MA = pd.DataFrame(index = gather_all.index)

MA['real'] = gather_all['USD/KRW']
from datetime import timedelta
today = MA.index[-1]
tomorrow = today + timedelta(days=1)

MA = pd.concat([MA, pd.DataFrame(tmr, index=[tomorrow], columns=['real'])])
MA['ma2'] = MA['real'].rolling(window=2).mean()


plt.plot(MA['real'][-날짜:],'r:', label='Real')
plt.plot(MA['ma2'][-날짜:],'y:', label='ma2')

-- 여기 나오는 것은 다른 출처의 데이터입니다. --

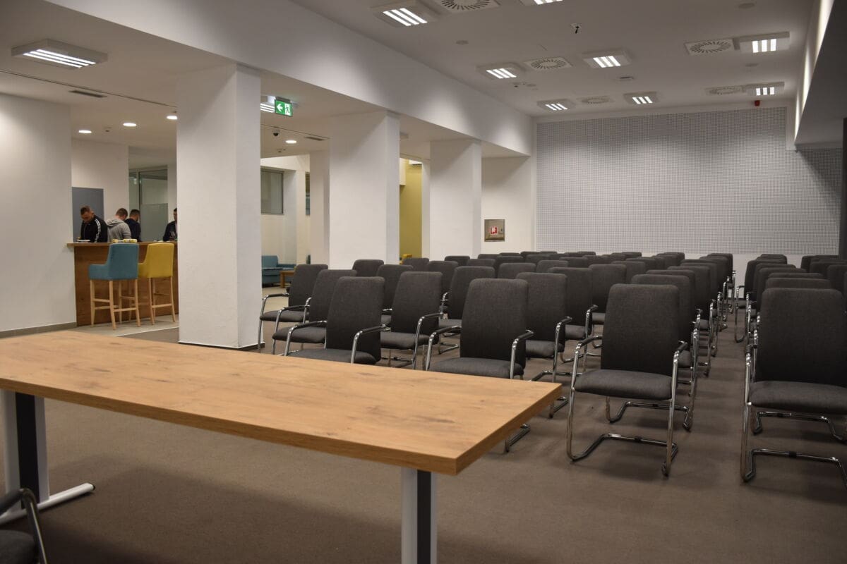 Velika konferencijska dvorana kapaciteta preko 100 mjesta namijenjena je za veće događaje. Ima i pretprostor sa šankom za neformalna druženja, a direktni ulaz sa ceste osigurava joj vrlo dobru pristupačnost. Tu će se organizirati i odvijati razni kongresi, poduzetnički kafići i meetupi.

plt.xticks(MA[-날짜:].index,rotation='vertical')


plt.legend(loc="best")
plt.grid()
plt.show()

In [None]:
MA['real-ma2'] = MA['real'] - MA['ma2']

if MA.iloc[-2]['real-ma2']>0:
    if MA.iloc[-2]['real-ma2']*MA.iloc[-1]['real-ma2'] <0:
        print('내일 환율이 떨어질 가능성이 크다')
    else:
        print('내일 환율이 어떻게 될지 모른다')
        
elif MA.iloc[-2]['real-ma2']<0:
    if MA.iloc[-2]['real-ma2']*MA.iloc[-1]['real-ma2'] <0:
        print('내일 환율이 오를 가능성이 크다')
    else:
        print('내일 환율이 어떻게 될지 모른다')
        
else:
    if MA.iloc[-3]['real-ma2']>0:
        if MA.iloc[-3]['real-ma2']*MA.iloc[-2]['real-ma2'] <0:
            print('내일 환율이 떨어질 가능성이 크다')
        else:
            print('내일 환율이 어떻게 될지 모른다')
    elif MA.iloc[-3]['real-ma2']<0:
        if MA.iloc[-3]['real-ma2']*MA.iloc[-2]['real-ma2'] <0:
            print('내일 환율이 오를 가능성이 크다')
        else:
            print('내일 환율이 어떻게 될지 모른다')
    else:
        if MA.iloc[-4]['real-ma2']>0:
            if MA.iloc[-4]['real-ma2']*MA.iloc[-3]['real-ma2'] <0:
                print('내일 환율이 떨어질 가능성이 크다')
            else:
                print('내일 환율이 어떻게 될지 모른다')
        elif MA.iloc[-4]['real-ma2']<0:
            if MA.iloc[-4]['real-ma2']*MA.iloc[-3]['real-ma2'] <0:
                print('내일 환율이 오를 가능성이 크다')
            else:
                print('내일 환율이 어떻게 될지 모른다')
        else:
            print('내일 환율이 어떻게 될지 모른다')